Freezing will split the two phases better indeed.
One way is to freeze in a beaker kind of recipient, closed with plastic and rubber band.
Then poor of the top layer (to be re-used) and use a paper towel to dry the frozen acid surface as much as possible, as soon as the watery layer is frozen. The paper towel gets little wet by sucking up remaining hydrocarbons. I've never done the IPA or acetone wash to work like the paper towel trick, I did not know of it until now (thanks!), but both tricks can be combined.
Option from there: boil the acid solution hard (adding some water now and then to remain level) to strip off hydrocarbons that found a way in there, until most (all) smell is gone. The steam bubbles coming from the bottom attract the hydrocarbons (due the ultra low partial pressure of hydrocarbons inside the steam bubbles, hence boil hard) and then take them up and out with the steam. Fume hood = On of course.
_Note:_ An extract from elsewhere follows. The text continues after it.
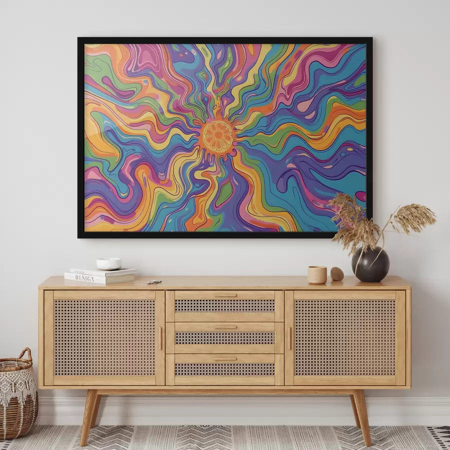 Juodai baltas Apollo su spalvotomis dėmėmis grafinio stiliaus
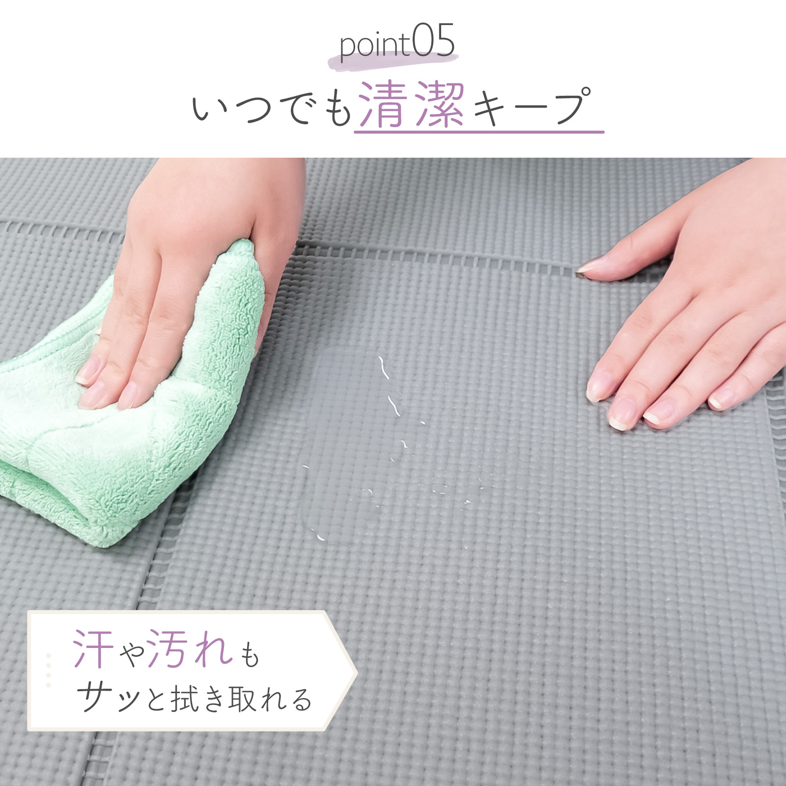 撥水性にも優れ、汗や汚れをさっと拭き取れて清潔に保てます。

I've no idea how effective it is in absolute removal, but one can boil the smell out to large extend.
After that, evaporating, sod-carb...etc.. as said.
Toluene's solvability in water (0.5 g/l) > that of xylene (0.2 g/l).
IIRC, it has been posted that phosphoric acid is not the best for salting out due having multiple pKa's. I've never checked out how that plays a practical role, but the word was out and vinegar is such an easy alternative.
I've never found toluene smell as much like xylene does.